CHAPTER XIX. THREE FRENCH PRESIDENT'S.

In 1873 the Shah of Persia came to Paris, and the marshal entertained him magnificently. He gave him a torch-light procession of soldiers, a gala performance at the Grand Opera, and a banquet in the Galerie des Glaces at Versailles. The Parisians regretted that the visit had not been made in M. Thiers' time, when society might have been amused by stories of how the omniscient little president had instructed the shah, through an interpreter, as to Persian history and the etymology of Oriental languages; but society had a good story connected with the visit, after all. During the state banquet at Versailles the shah turned to the Duchess of Magenta, and asked her, in a French sentence some one had taught him for the occasion, why her husband did not make himself emperor.

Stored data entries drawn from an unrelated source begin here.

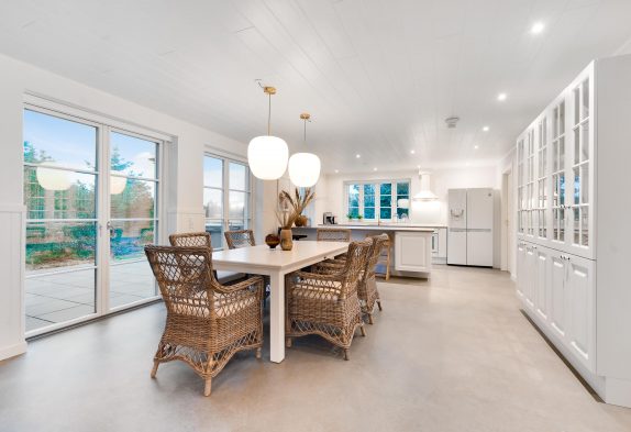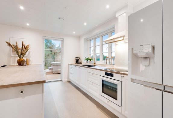 Den moderne indretning byder velkommen til 8 personer og 1 hund, og de 190 kvadratmeter fordeler sig på 4 gode soveværelser, 2 badeværelser med gulvvarme og et stort lyst køkken alrum. I køkkenet finder du bl.a. en Nespresso-maskine, og indretningen råder ligeledes over alle praktiske nødvendigheder i form af vaskemaskine, tørretumbler og opvaskemaskine.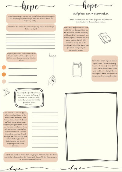 Wir präsentieren Ihnen hier ein Beipiel für einen solchen Impuls, den Frau Jakubowski zum Thema "Hoffnung" für die Morgenkreise zur Verfügung gestellt hat. Mit diesem Impuls soll das Augenmerk auf das Positive des Lebens gelenkt werden.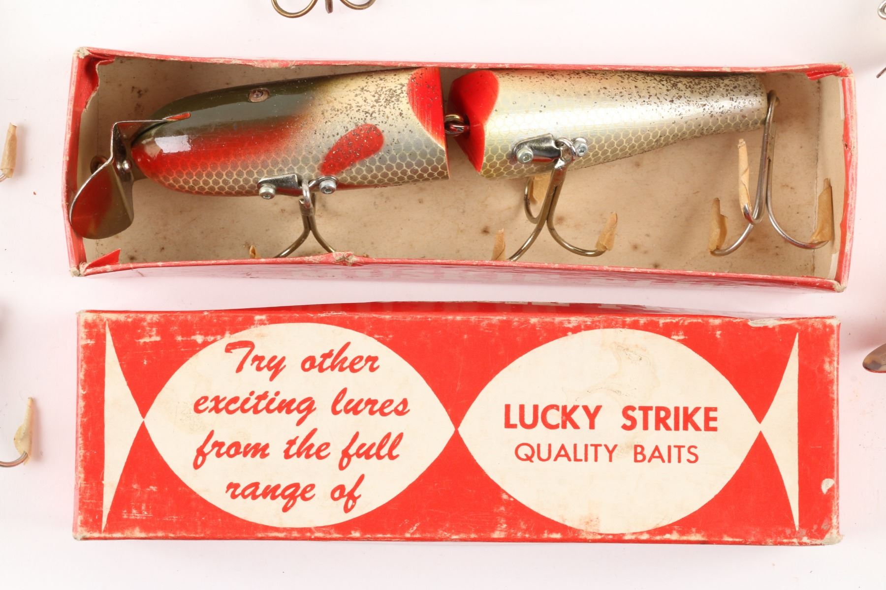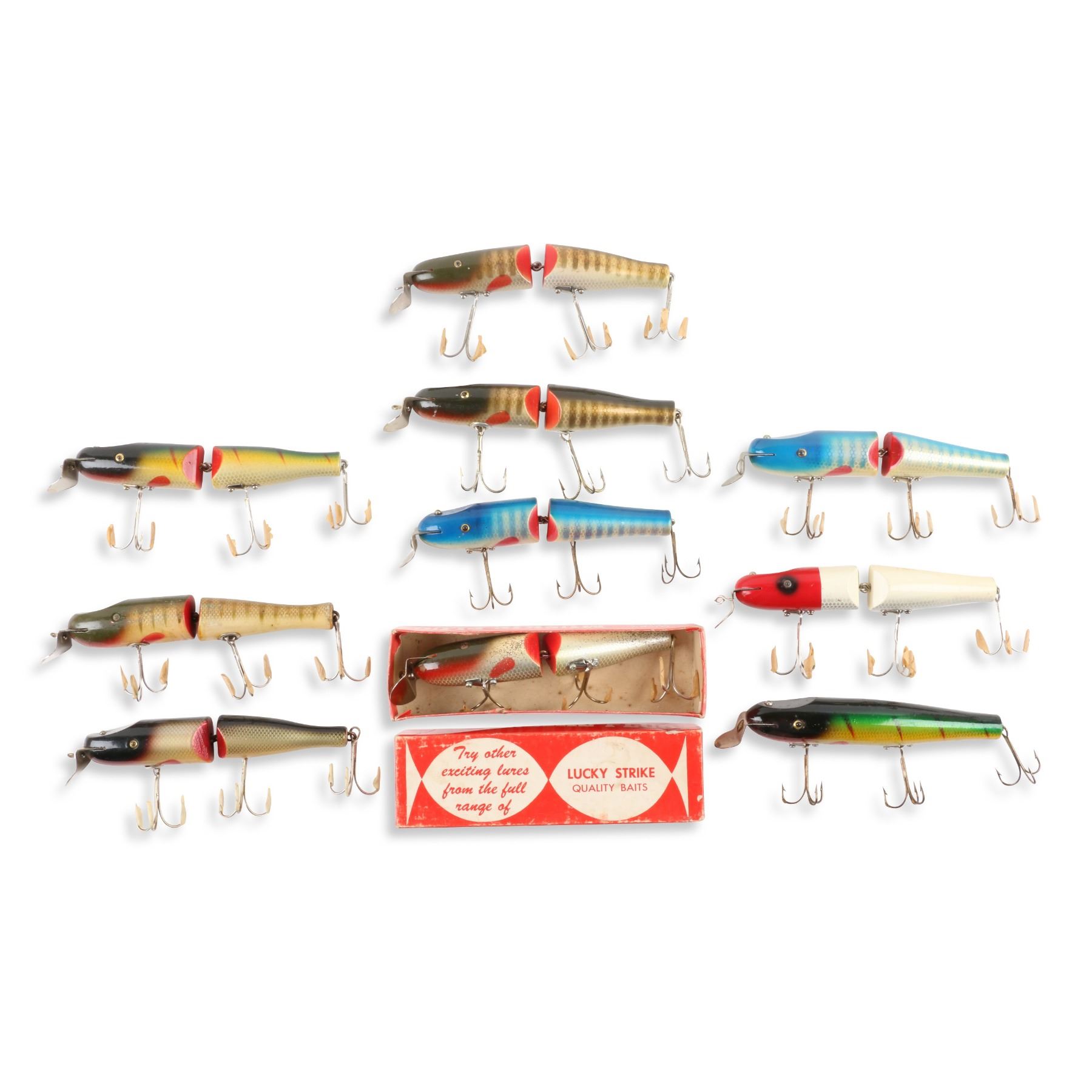 Lucky Strike Bait Works, Canada. Material: wood. Quantity: 10. Grade: VG+. 6" Each Est. $100-125.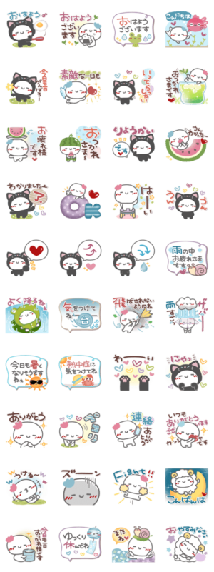 梅雨~夏にかけて活躍するスタンプです。梅雨/雨/大雨/台風/夏/暑い/でか文字/動物/猫/敬語/かわいいアルク より発売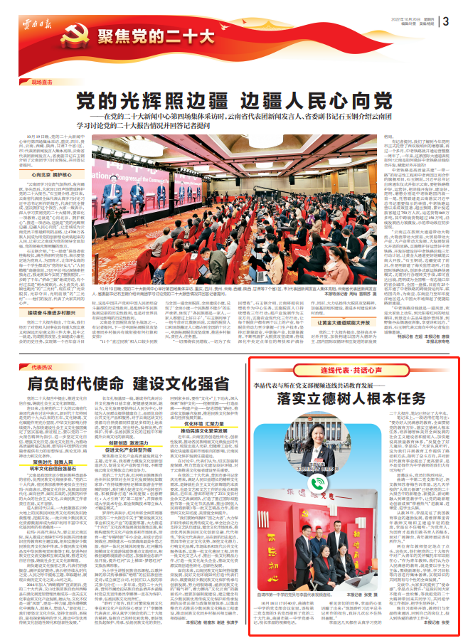 曲靖一中第二党支部书记、语文教师苏春梅告诉李晶,这几天学校的“大单元备课”已经把党的二十大报告中的新理念、新提法、新论断融入到课堂教学中,让党的最新理论创新成果“带着热气”进教案、进课堂、进学生头脑。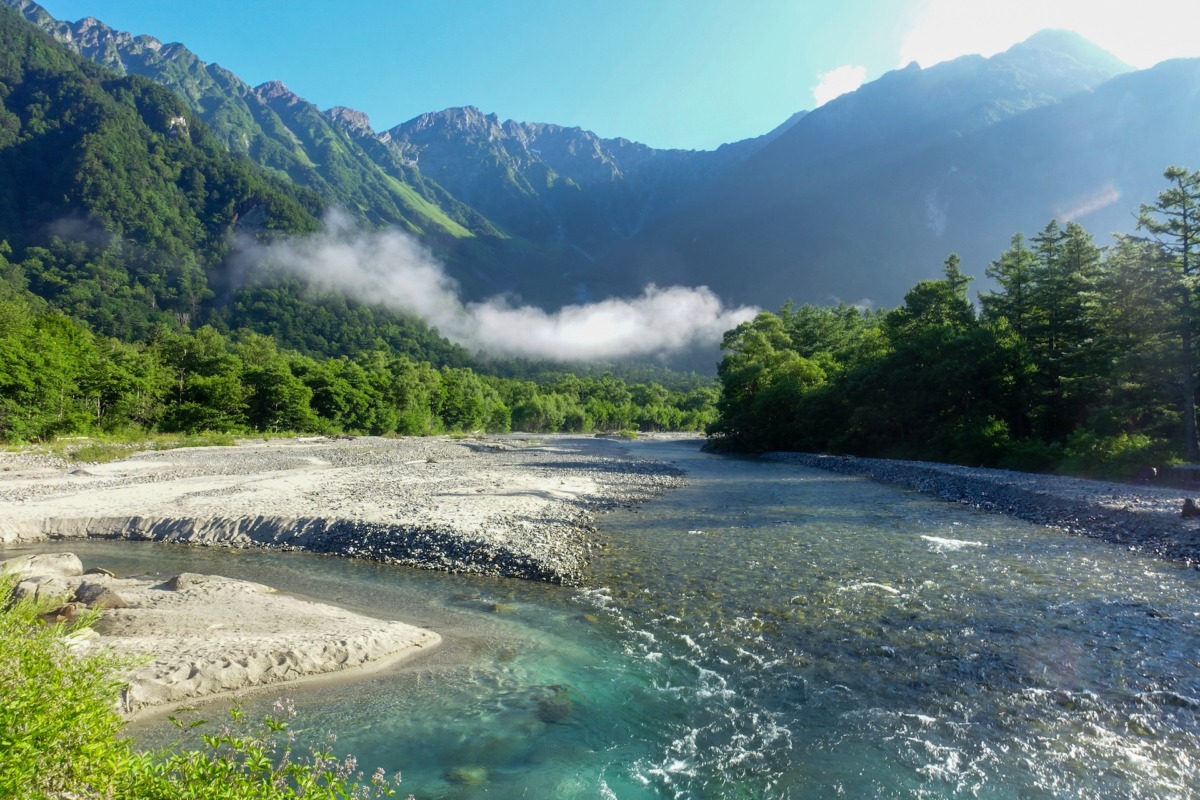朝食が済んだら、上高地へ下山です。危険な場所はありませんが、とにかく長いので早立ちしましょう。グリーンバンドまでは時々ふり返ることを忘れずに。U字谷となった槍沢の奥に、昨日登った槍がドーンとそびえて圧巻です。ただし、ふり返るのは足場を確認して立ち止まってからですけどね。その後は淡々と槍沢左岸を降りていきます。途中の槍沢ロッジの名物槍カレーでエネルギー補給をしたら、ひたすら降りる。横尾、徳沢を通り過ぎ、明神を過ぎれば上高地はもうそこです。

The marshal was content to hold his place as president, and the Duc de Broglie governed for him, except in anything relating to military affairs. On these the marshal always had his way.

The Duc de Broglie's government, which was all in the interest of the monarchical principle, became distrusted and unpopular. In one year twenty-one Republicans and six Bonapartists gained seats in the Assembly, while the Orleanist and Legitimist parties gained not one. By 1874 the cause of royalty in France was at a low ebb. In this year - a year after the downfall of M. Thiers - the Duc de Broglie was defeated in the Chamber on some measure of small importance; but his defeat turned him summarily out of office. The Left Centre - that is, the Republicans from conviction - was the strongest of the seven parties. The Republic seemed established on a basis of law and order.

According to the constitution, the president was chosen for seven years, with the chance of re-election; the Chamber of Deputies was elected for seven years by universal suffrage, but every year one third of its members had to retire into private life or stand for a new election. The Senate was chosen by a complicated arrangement, - partly by the Chamber, partly by a sort of electoral college, the members of which were drawn from the councils of departments, the arrondissements, and the municipalities of cities. As Gambetta said: "So chosen, it could not be a very democratic assemblage."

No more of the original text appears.